Finding techniques for doing this automatically is a whole mathematical field, called optimization.

For now, let’s leap to using these techniques on our problem, of finding the best slope:

from scipy.optimize import minimize
# 3 below is the slope value to start the search.
res = minimize(sos_error, 3)
res
      fun: 3619.6157878183294
 hess_inv: array([[0.]])
      jac: array([0.])
  message: 'Desired error not necessarily achieved due to precision loss.'
     nfev: 10
      nit: 2
     njev: 5
   status: 2
  success: False
        x: array([3.0475])

The slope is in the x attribute of the return value:

res.x
array([3.0475])

The magic of maths

We found the best (sum of squares) slope by trying lots of slopes, above, and then, rather more efficiently, by using minimize to do that job for us.

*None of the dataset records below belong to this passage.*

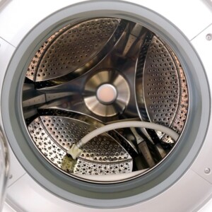 本体外装は目立つ傷やへこみが見られず、光沢のあるホワイトボディが保たれた清潔感のある状態でした。ドア部分のスモークガラスも曇りや大きな傷はなく、操作パネルの表示や各ボタンの反応も良好です。ドラム内部はステンレス槽の輝きが残っており、汚れやカビの付着はほとんど確認できませんでした。給水ホースなどの付属品も揃っており、洗濯から乾燥までの動作確認も問題なく、使用期間の短さがうかがえる良好なコンディションと判断しました。
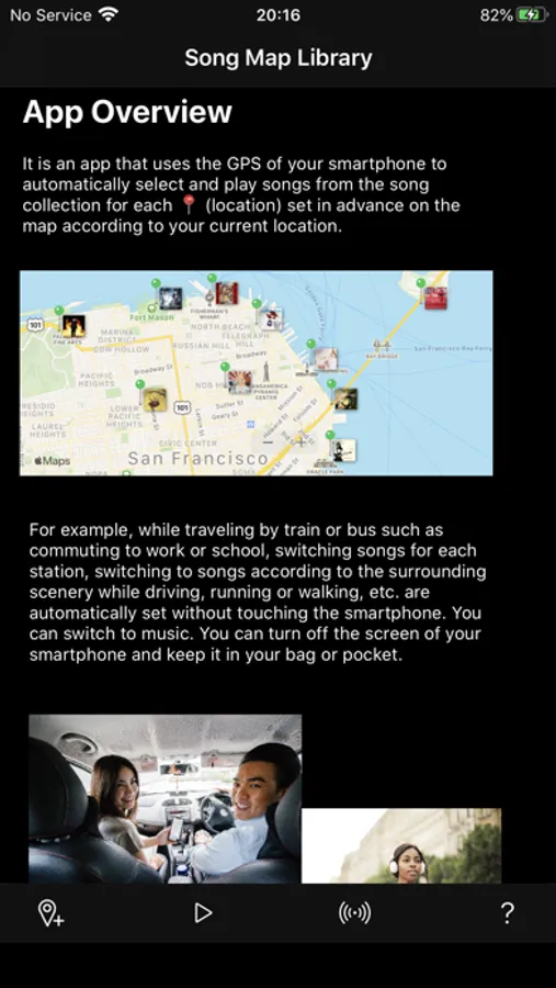 It is an app that uses the GPS function of your smartphone to automatically switch songs according to your current location.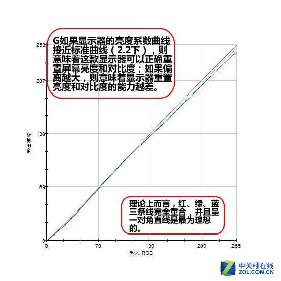 理论上而言,红、绿、蓝三条线完全重合,并且呈一对角直线是最为理想的。而优派VP2775的伽马曲线的测试结果还是不错的。这三条线从开始阶段到结束线条都接近直线而且接近。并且蓝色线成对角线的方向延伸。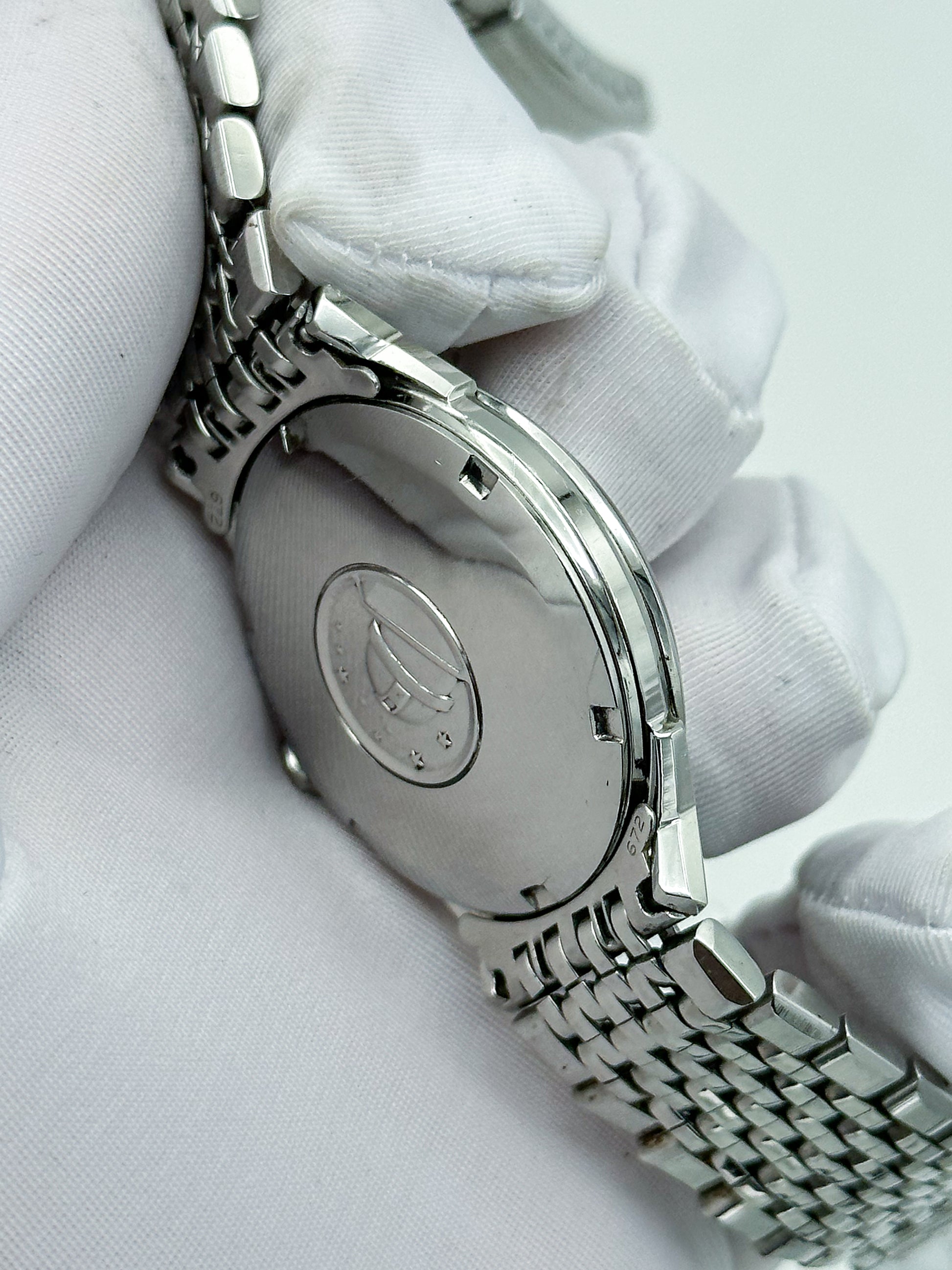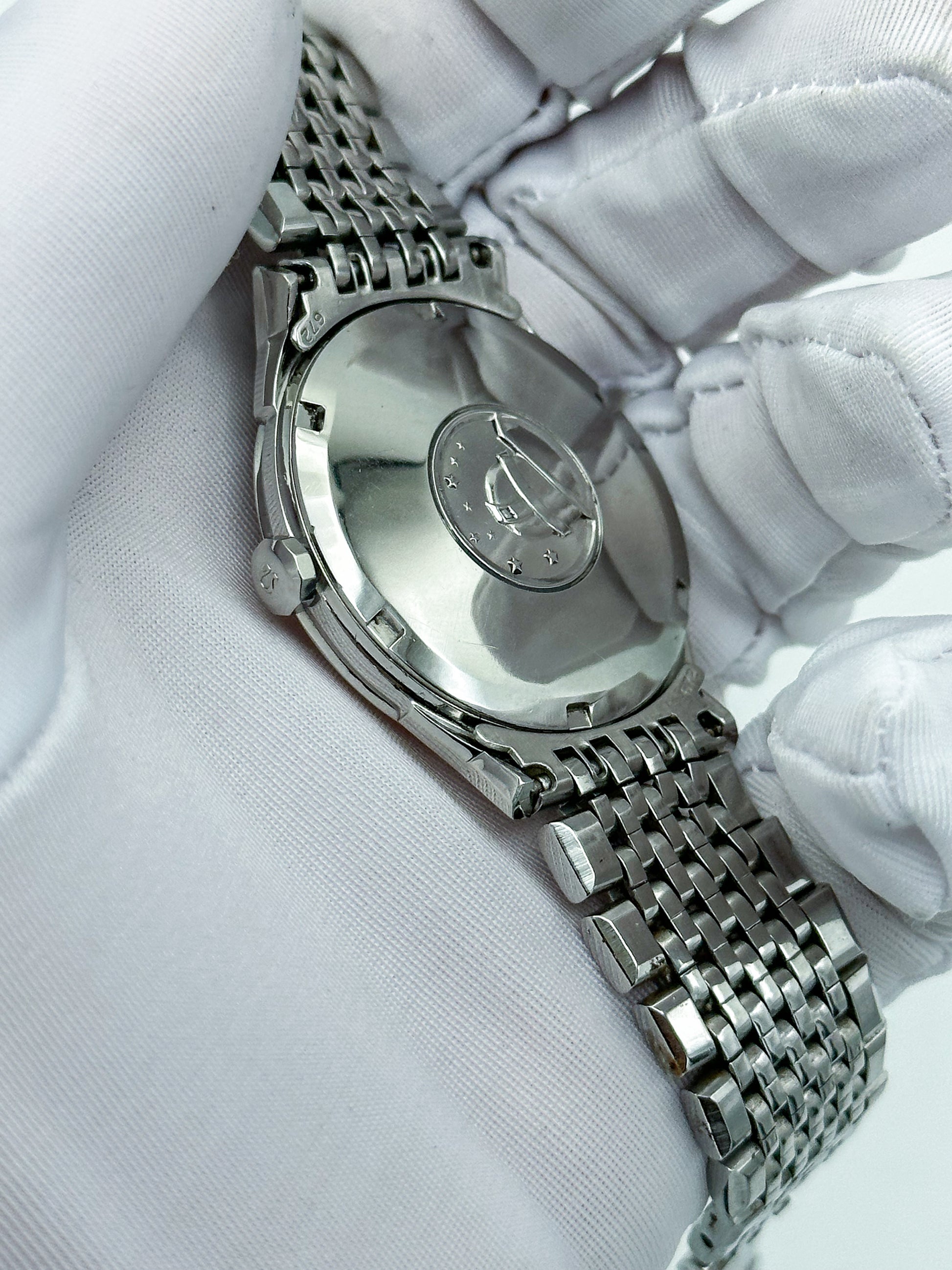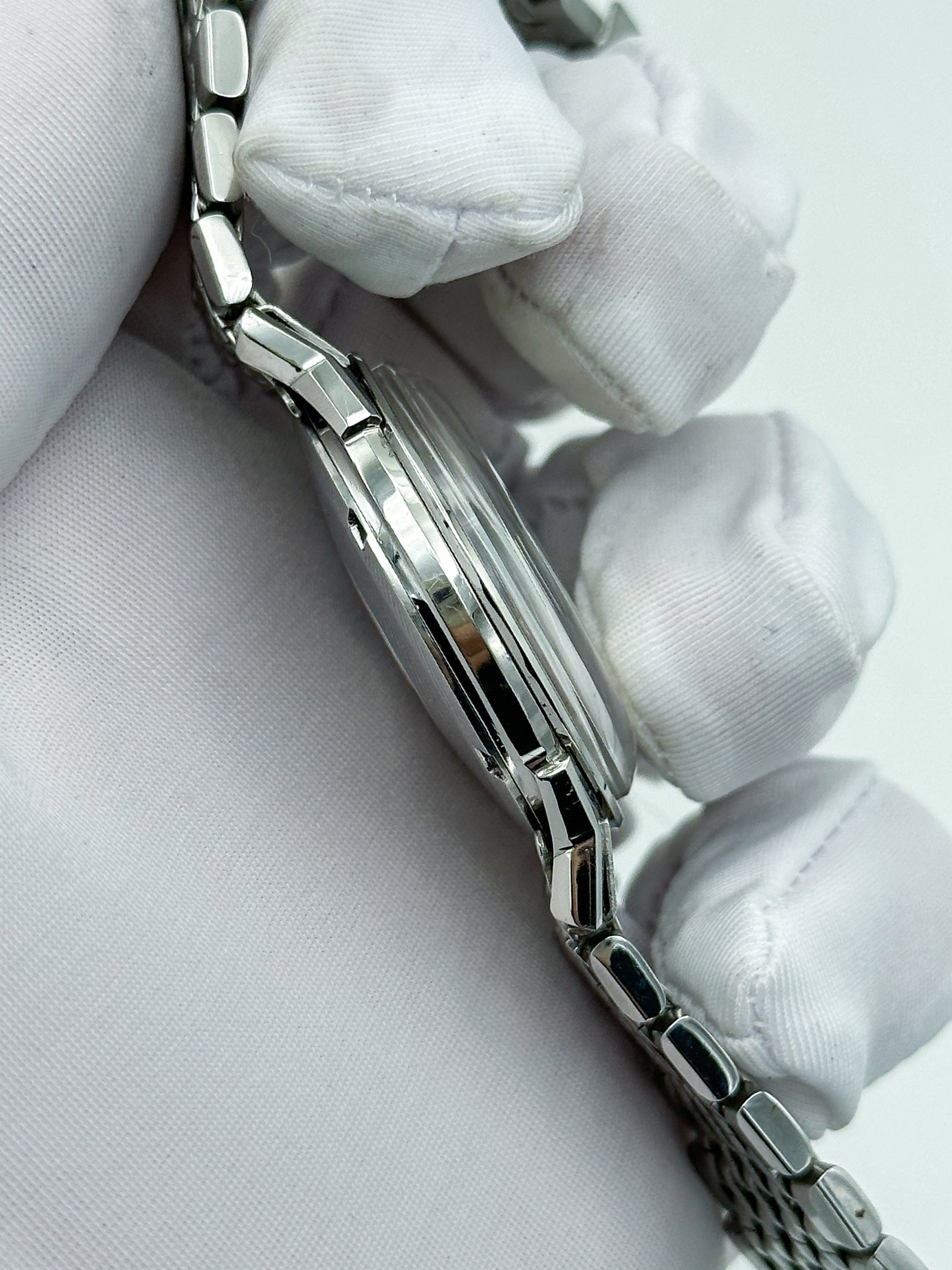 Points of Mention: Obvious small scratches on the stainless steel case and bracelet. The dial has slight grey spots all over.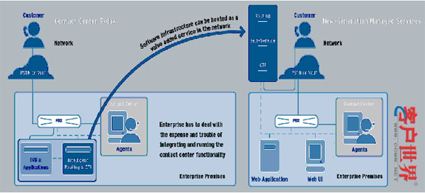 以國外的托管服務(wù)若建立在800號于C4/C5局用交換機(jī)上,許多用戶可以不用建制本地的排隊(duì)機(jī)就可以實(shí)現(xiàn)托管服務(wù)。目前國內(nèi)的運(yùn)營商若要直接在C4/C5局用交換機(jī)因?yàn)闆]有C4/C5的CTI服務(wù)器可以連接,所以有其困難的地方,只能采用800號智能網(wǎng)新增業(yè)務(wù)與本地企業(yè)排隊(duì)機(jī)連網(wǎng)的方式來完成。但國內(nèi)運(yùn)營商未來都會朝向NGN,采用軟交換的方向來看,企業(yè)可能再也不用采購本地排隊(duì)機(jī),對于呼叫中心托管的業(yè)務(wù)是一個(gè)很好的方向。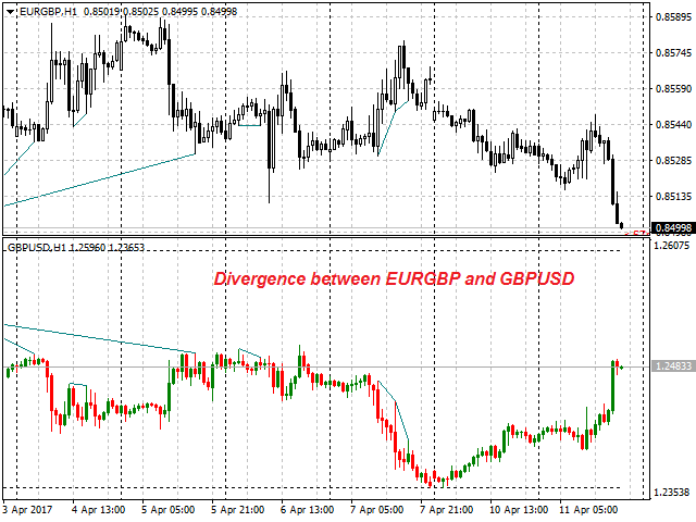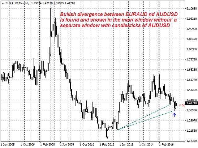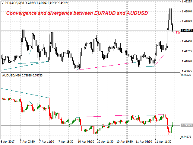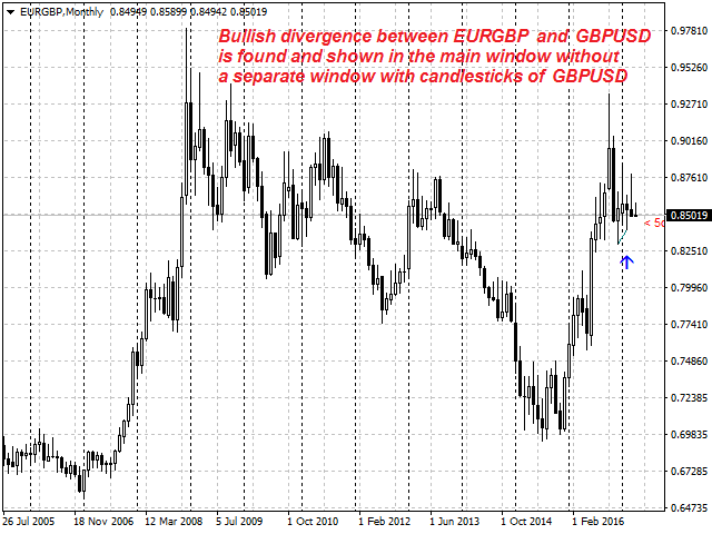 The indicator is not a lagging one. It works by ticks and is able to show convergence/divergence in the symbol's window even if there is no a separate window with a different financial instrument used for search. This allows you to open additional windows with any other indicators for a joint analysis.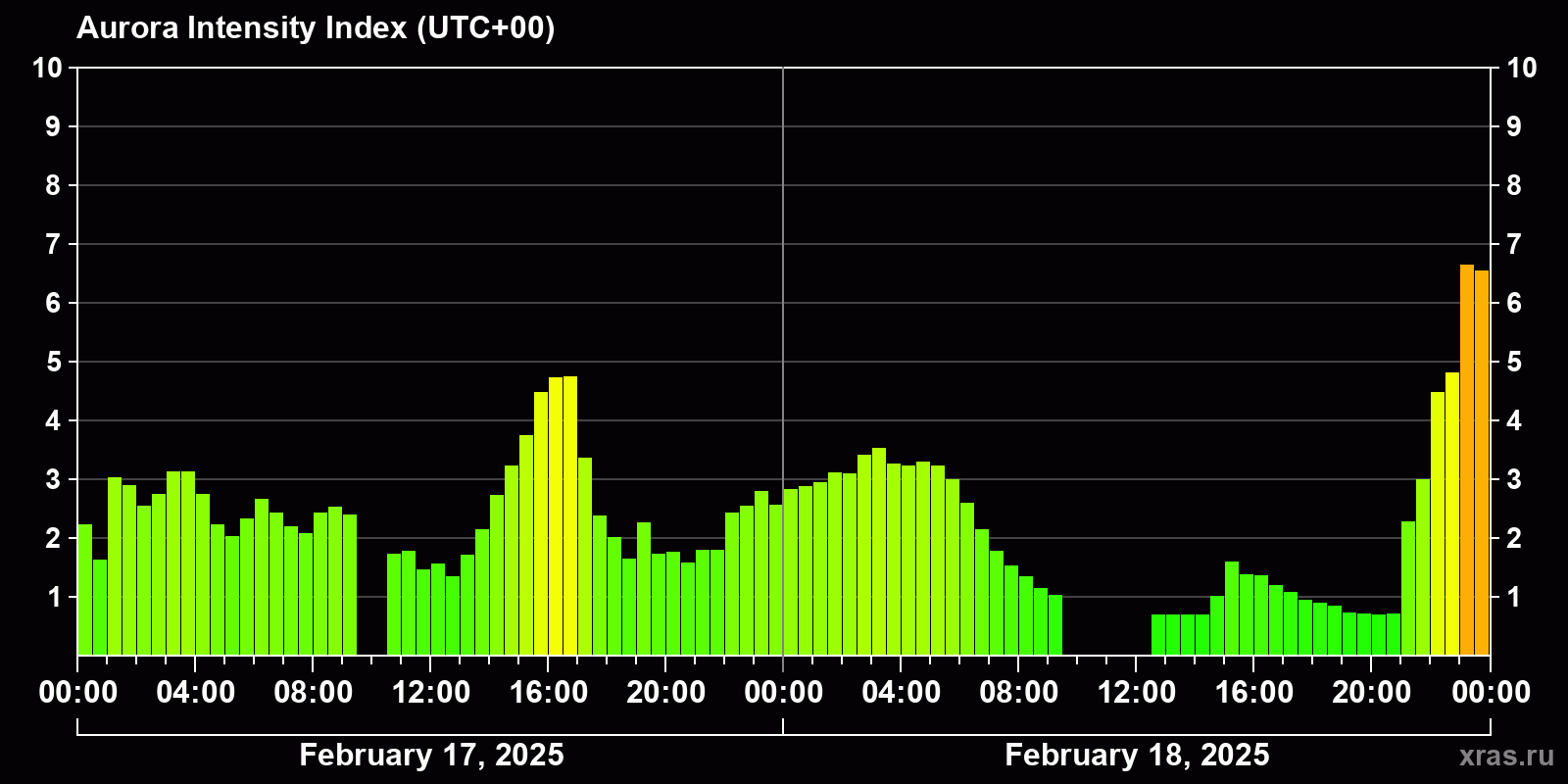 Auroral intensity index and the theoretically possible latitude of observations for nighttime in the Estern Hemisphere as of 2025-02-18 23:52 (end of day) local time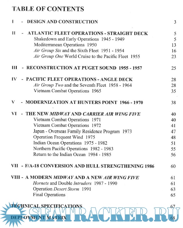 Year: 2013 Language: English Author: Peter Clayton Genre: Historical Publisher: Classic Warships Edition: Warship Pictorial 41 Format: PDF Quality: Scanned pages Pages count: 76 Description: USS Midway (CV-41) is an aircraft carrier, formerly of the United States Navy, the lead ship of her class. Commissioned a week after the end of World War II, Midway was the largest ship in the world until 1955, as well as the first U.S. aircraft carrier too big to transit the Panama Canal. She operated for 47 years, during which time she saw action in the Vietnam War and served as the Persian Gulf flagship in 1991's Operation Desert Storm. Decommissioned in 1992, she is now a museum ship at the USS Midway Museum, in San Diego, California, and is the only remaining inactive U.S. aircraft carrier that is not an Essex-class aircraft carrier.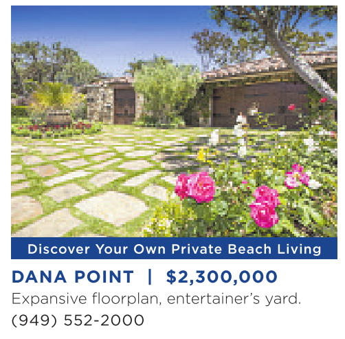 Discover Your Own Private Beach Living DANA POINT | $2,300,000 Expansive floorplan, entertainer’s yard. (949) 552-2000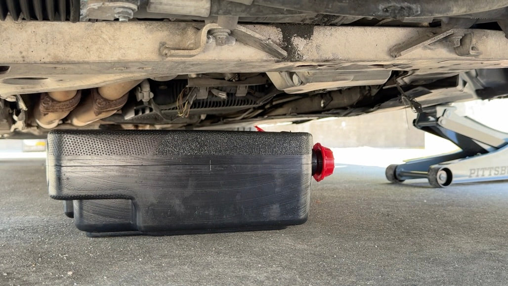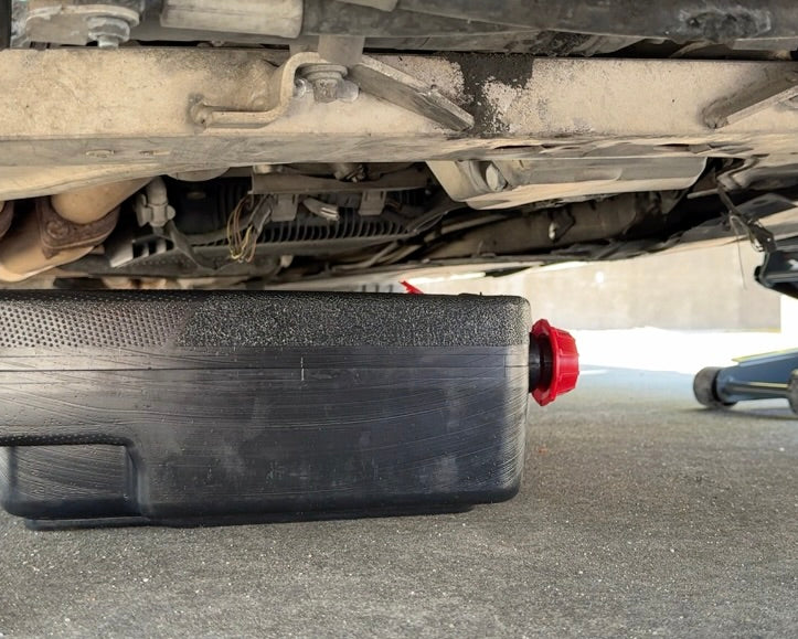 Position drain pan underneath the vehicle's oil pan. Ensure it's placed so the motor oil will flow into it and not miss.

You don’t need to understand the argument below, to follow this class, but in this case we can work out the best slope with some fairly simple calculus and algebra. It turns out like this:

maths_slope = np.sum(hgb * pcv) / np.sum(hgb ** 2)
maths_slope
3.047498645826524

See the page linked above for why this formula works for any set of x and y values, where the intercept is zero.

But - we won’t be using these mathematical short cuts in this course, we will be using minimize and friends to find the best slope by trial and error.